◆ Exercise material
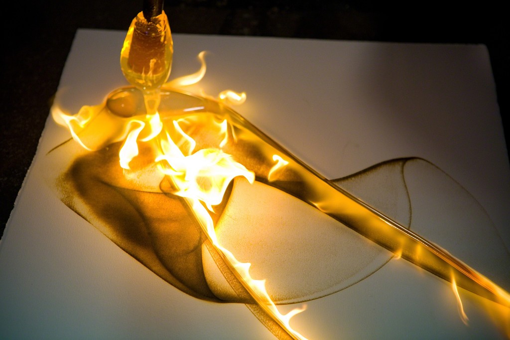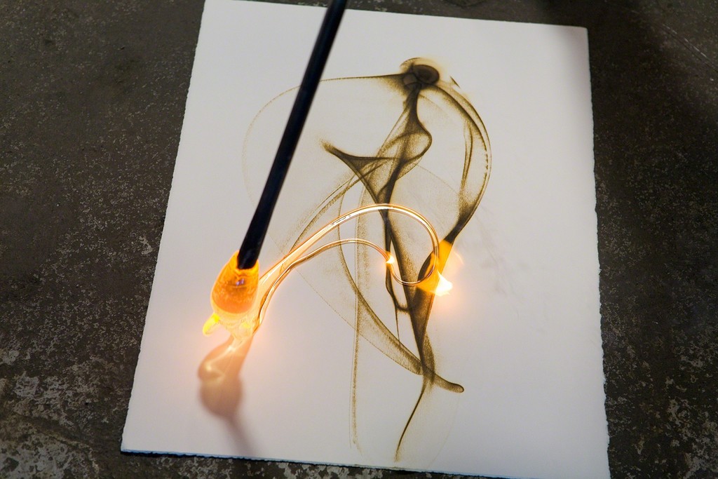 در اين آثار، شيشه ذوبشده به عنوان رنگ آتشين استفاده ميشود و سطح مخملي را ميسوزاند. وي مفاهيم انتزاعي را از برخورد اين عناصر متناقض ، آتش و کاغذ ايجاد ميکند و آن ها را با آبرنگ هدايت ميکند.
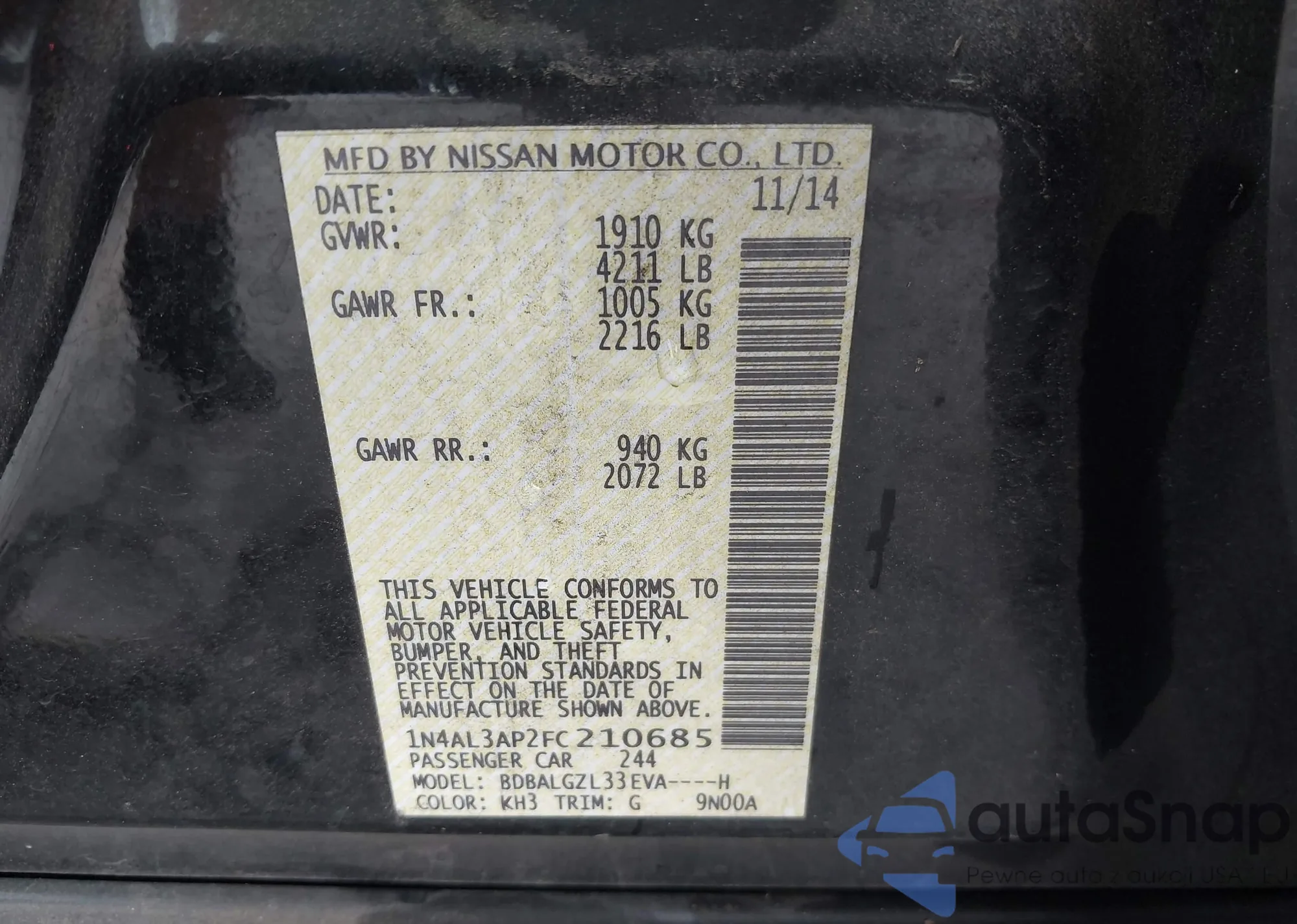 VIN: 1N4AL3AP2FC210685
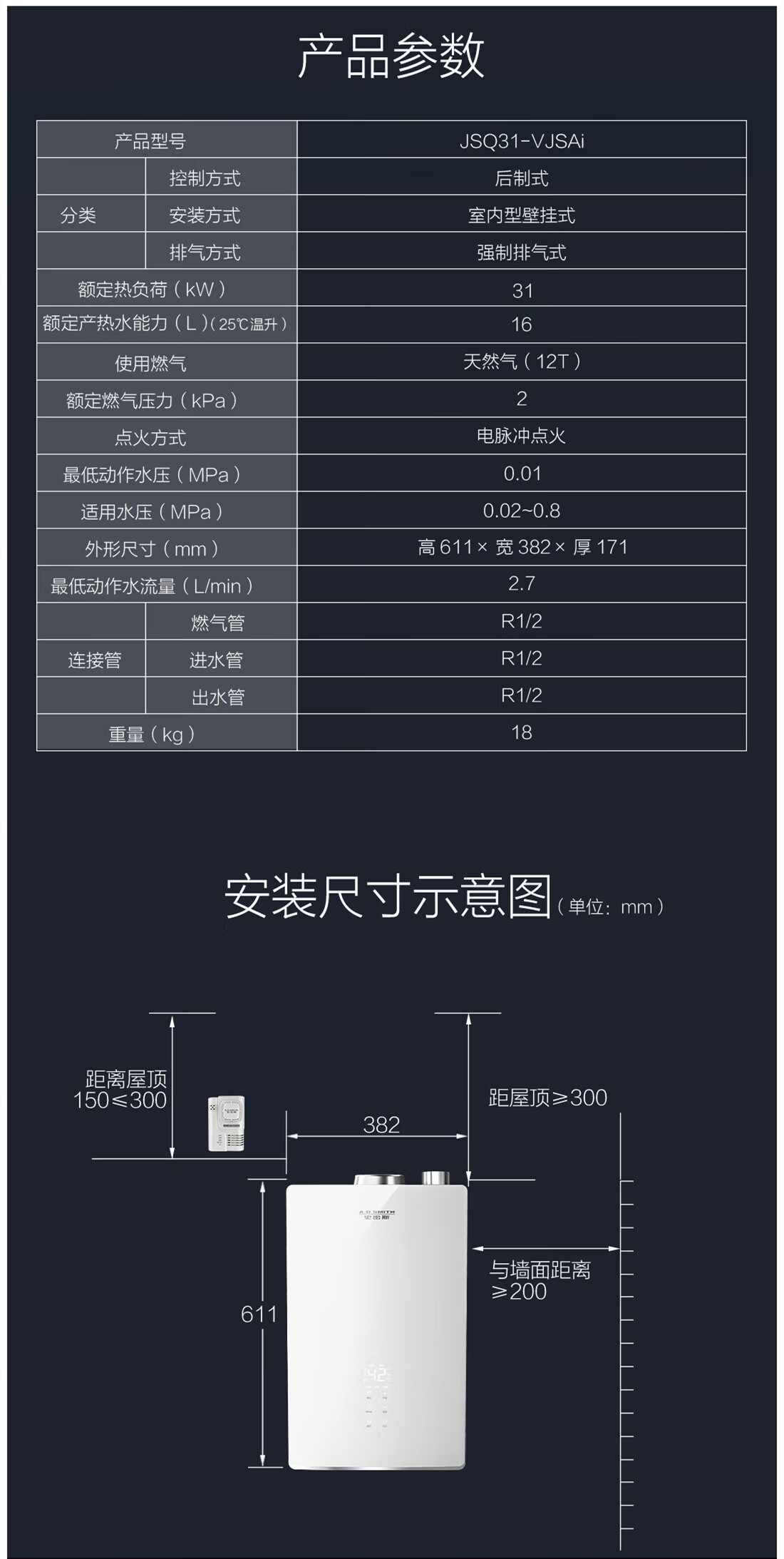 史密斯/燃气热水器/JSQ31-VJSAI/16升燃气热水器1级静音零冷水智慧互联16升 智慧互联零冷水一级静音款
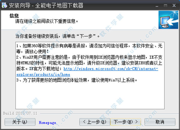 2、WinXP用户需要注意的是,由于软件用到IE浏览器内核来显示地图,IE不支持HTML5的特性,可能无法显示地图,请升级IE浏览器,建议安装IE8或者以上版本。
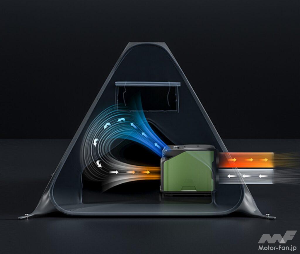 さらにPA600では外気の導入と排気を別系統に分けたデュアル換気システムを採用。テントや車内など密閉された空間で使用する際は、ダクトを追加して熱気を外に排出することで、効率よく冷やすことができる。
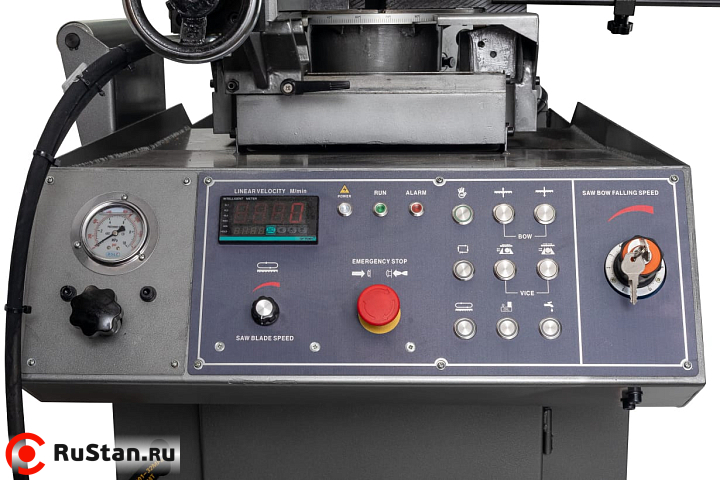 • Пильная рама автоматически поднимается гидравлическим приводом по окончании пиления до верхней поверхности заготовки, и разжимаются губки тисков, остается только передвинуть заготовку и заново запустить полуавтоматический режим пиления
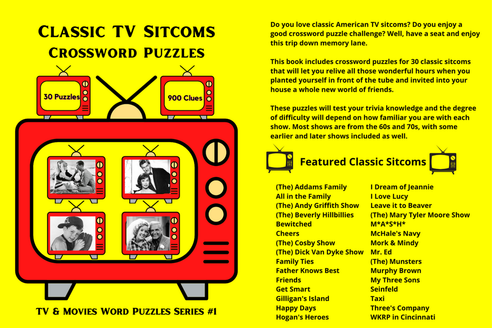 CLASSIC TV SITCOMS Crossword Puzzle Book 30 Puzzles Instant Download
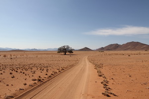 und kurvenreich durch Schluchten und Hügel des Namib Naukluft Parks.
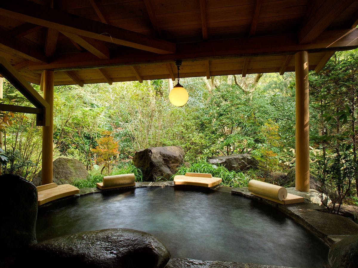 全てのお部屋に檜の内湯と庭園露天風呂を完備。下田の優しい湯を掛け流した天然温泉の露天風呂を好きな時間に、心おきなく楽しめます。
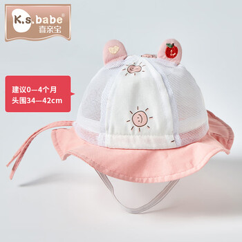 喜亲宝新生儿帽子宝宝太阳帽遮阳帽婴儿渔夫帽小码(粉色)双耳款
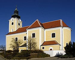 Sie gehört zum Dekanat Sitzendorf im Vikariat Unter dem Manhartsberg und steht unter Denkmalschutz (Listeneintrag). Die geostete spätbarocke Saalkirche mit Westturm steht etwas erhöht nördlich der Ortsmitte.
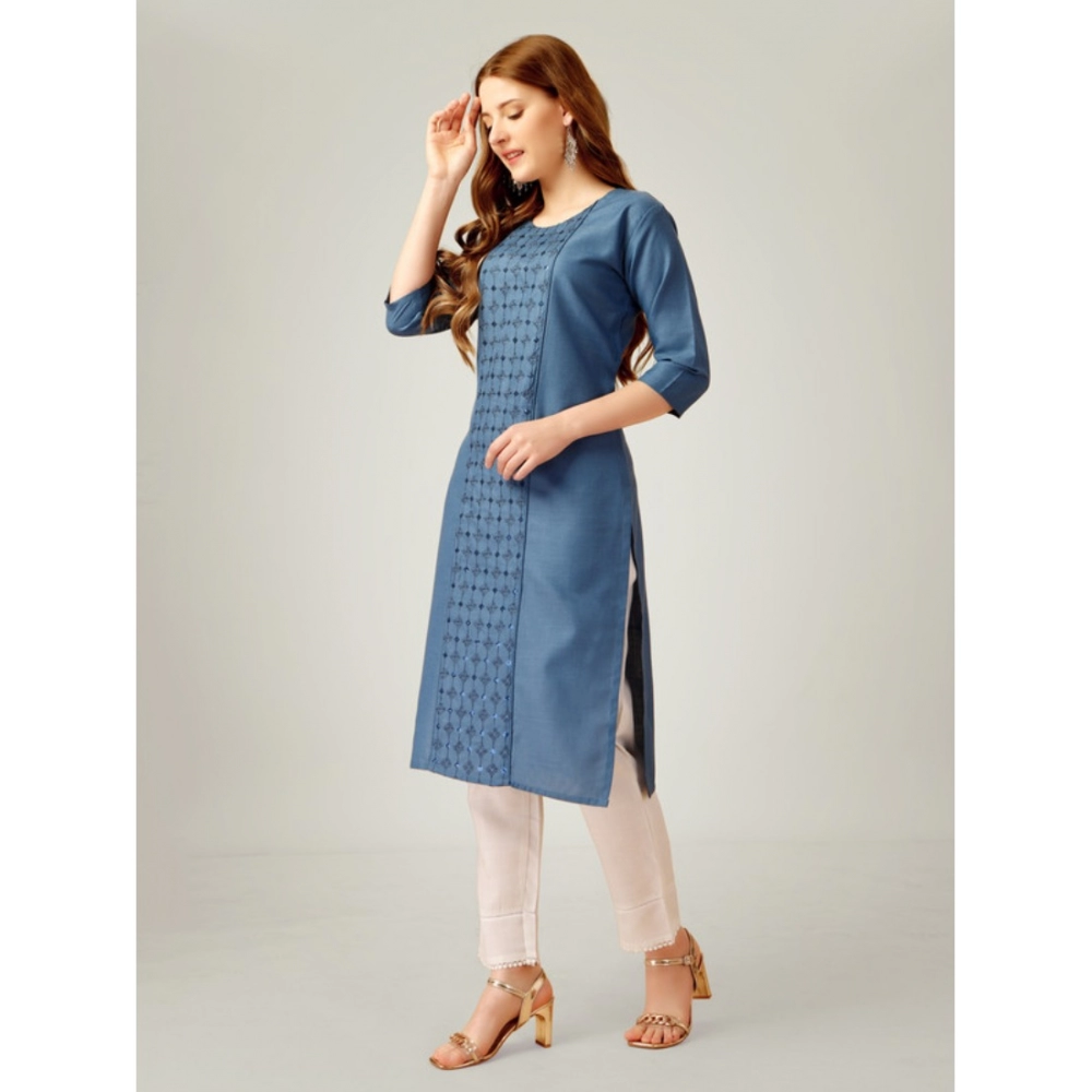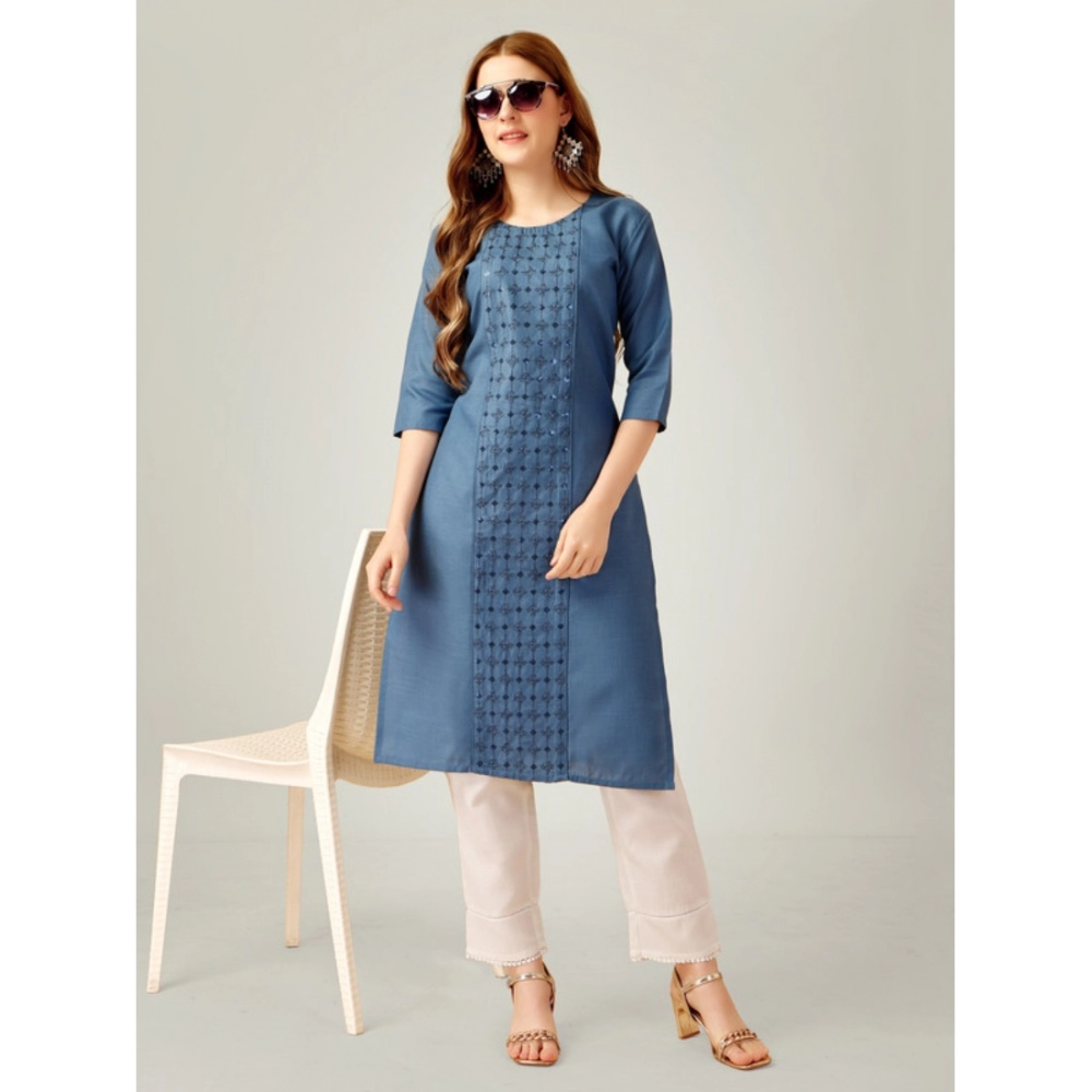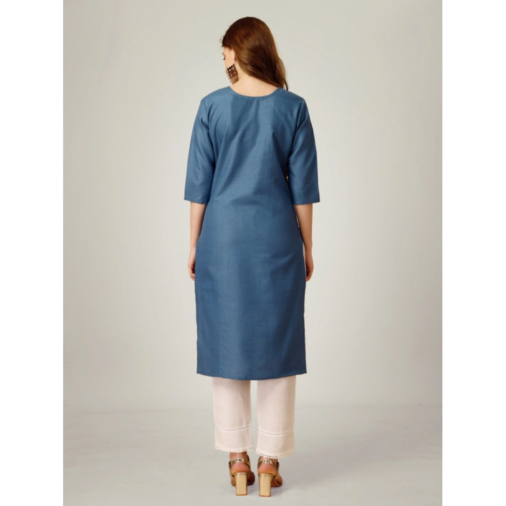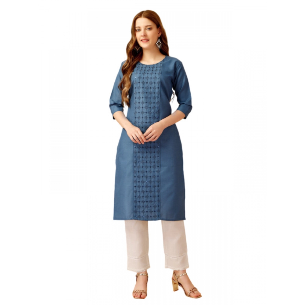 Women’s Casual 3-4 th Sleeve Embroidery Cotton Kurti Pant Set
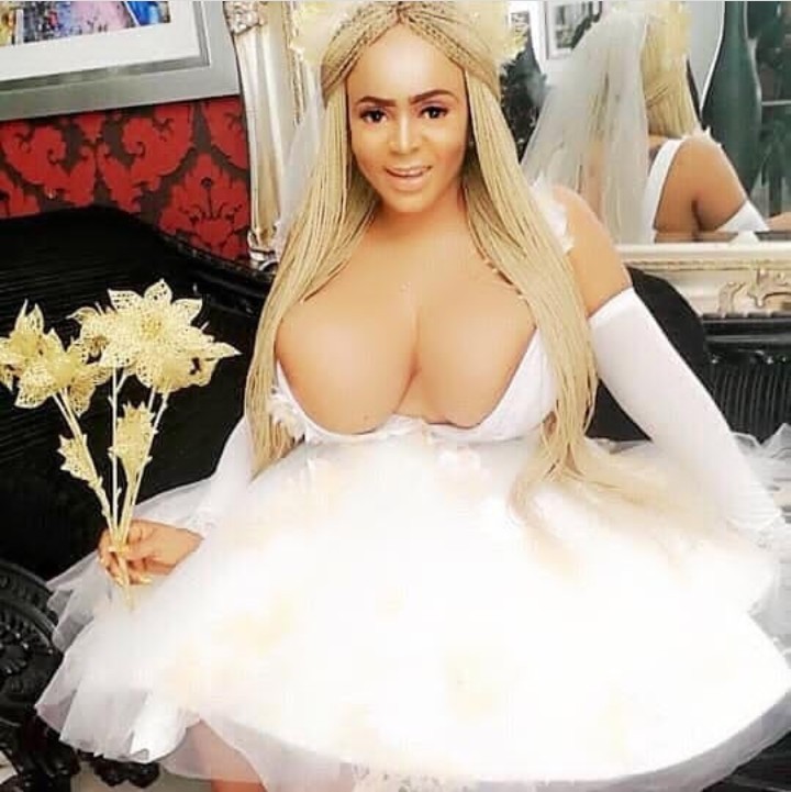 Cossy Ojiakor shared a photo of herself in a skimpy dress with a very low cut neckline that could barely keep her boobs contained.

◆ What needs to be done
Pictures are not part of the copy; reproduce everything else in the records exactly.

◆ Solution to the exercise
 در اين آثار، شيشه ذوبشده به عنوان رنگ آتشين استفاده ميشود و سطح مخملي را ميسوزاند. وي مفاهيم انتزاعي را از برخورد اين عناصر متناقض ، آتش و کاغذ ايجاد ميکند و آن ها را با آبرنگ هدايت ميکند.
 VIN: 1N4AL3AP2FC210685
 史密斯/燃气热水器/JSQ31-VJSAI/16升燃气热水器1级静音零冷水智慧互联16升 智慧互联零冷水一级静音款
 2、WinXP用户需要注意的是,由于软件用到IE浏览器内核来显示地图,IE不支持HTML5的特性,可能无法显示地图,请升级IE浏览器,建议安装IE8或者以上版本。
 さらにPA600では外気の導入と排気を別系統に分けたデュアル換気システムを採用。テントや車内など密閉された空間で使用する際は、ダクトを追加して熱気を外に排出することで、効率よく冷やすことができる。
 • Пильная рама автоматически поднимается гидравлическим приводом по окончании пиления до верхней поверхности заготовки, и разжимаются губки тисков, остается только передвинуть заготовку и заново запустить полуавтоматический режим пиления
 CLASSIC TV SITCOMS Crossword Puzzle Book 30 Puzzles Instant Download
 und kurvenreich durch Schluchten und Hügel des Namib Naukluft Parks.
 全てのお部屋に檜の内湯と庭園露天風呂を完備。下田の優しい湯を掛け流した天然温泉の露天風呂を好きな時間に、心おきなく楽しめます。
 喜亲宝新生儿帽子宝宝太阳帽遮阳帽婴儿渔夫帽小码(粉色)双耳款
 Sie gehört zum Dekanat Sitzendorf im Vikariat Unter dem Manhartsberg und steht unter Denkmalschutz (Listeneintrag). Die geostete spätbarocke Saalkirche mit Westturm steht etwas erhöht nördlich der Ortsmitte.
 Women’s Casual 3-4 th Sleeve Embroidery Cotton Kurti Pant Set
 Cossy Ojiakor shared a photo of herself in a skimpy dress with a very low cut neckline that could barely keep her boobs contained.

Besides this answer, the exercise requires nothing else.